The main oil producers in western Africa are Nigeria, an OPEC member that produces two million barrels per day, Angola, with one million barrels per day, the Democratic Republic of Congo, Gabon and Equatorial Guinea, each with about 300 000 barrels per day.
Chad joined the club earlier this month with the opening of an oil pipeline that brings its crude to a port on the coast of Cameroon.
Sao Tome, where mediation helped put an end to a week-long coup last week, is preparing to auction off with Nigeria nine potentially lucrative offshore exploration blocks amid widespread frustration on the islands with poverty and empty promises for better days to come.
Oil for US
The region has come under the spotlight since the United States, the biggest oil consuming nation, decided to diversify its sources of foreign crude away from the Middle East in the wake of the September 11 terrorist attacks.

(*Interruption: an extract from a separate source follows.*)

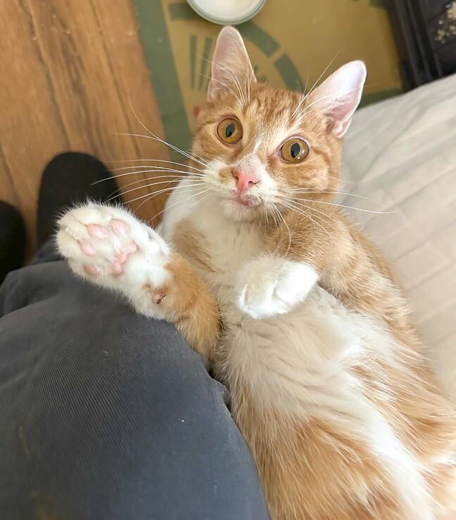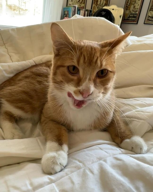Кота назвали Мамбо. Він був голодний, виснажений і наляканий. Шипів і кидався на всіх. У притулку боялися, що з таким характером важко буде знайти йому будинок. Але через кілька днів реабілітації, Мамбо став спокійніше і перестав нападати на людей.

Washington's goal was to raise sub-Saharan Africa's share of the US oil supply to 25% by 2015 from 15% currently.
Although African oil costs more to produce than that from the Middle East, it is geographically well placed for export to refineries on the east coast of the US.
Also, because muvh of the oil is located offshore, production is not disturbed by the frequent conflicts in the region.
But oil booms in the region often turned to bust for the local populations.
Weak governments and endemic corruption have made the region "without doubt one where the impact of oil has been the worst," said Jean-Pierre Favennec, an expert at the French Petroleum Institute.
In Angola, oil revenues helped finance a war against the Unita rebels.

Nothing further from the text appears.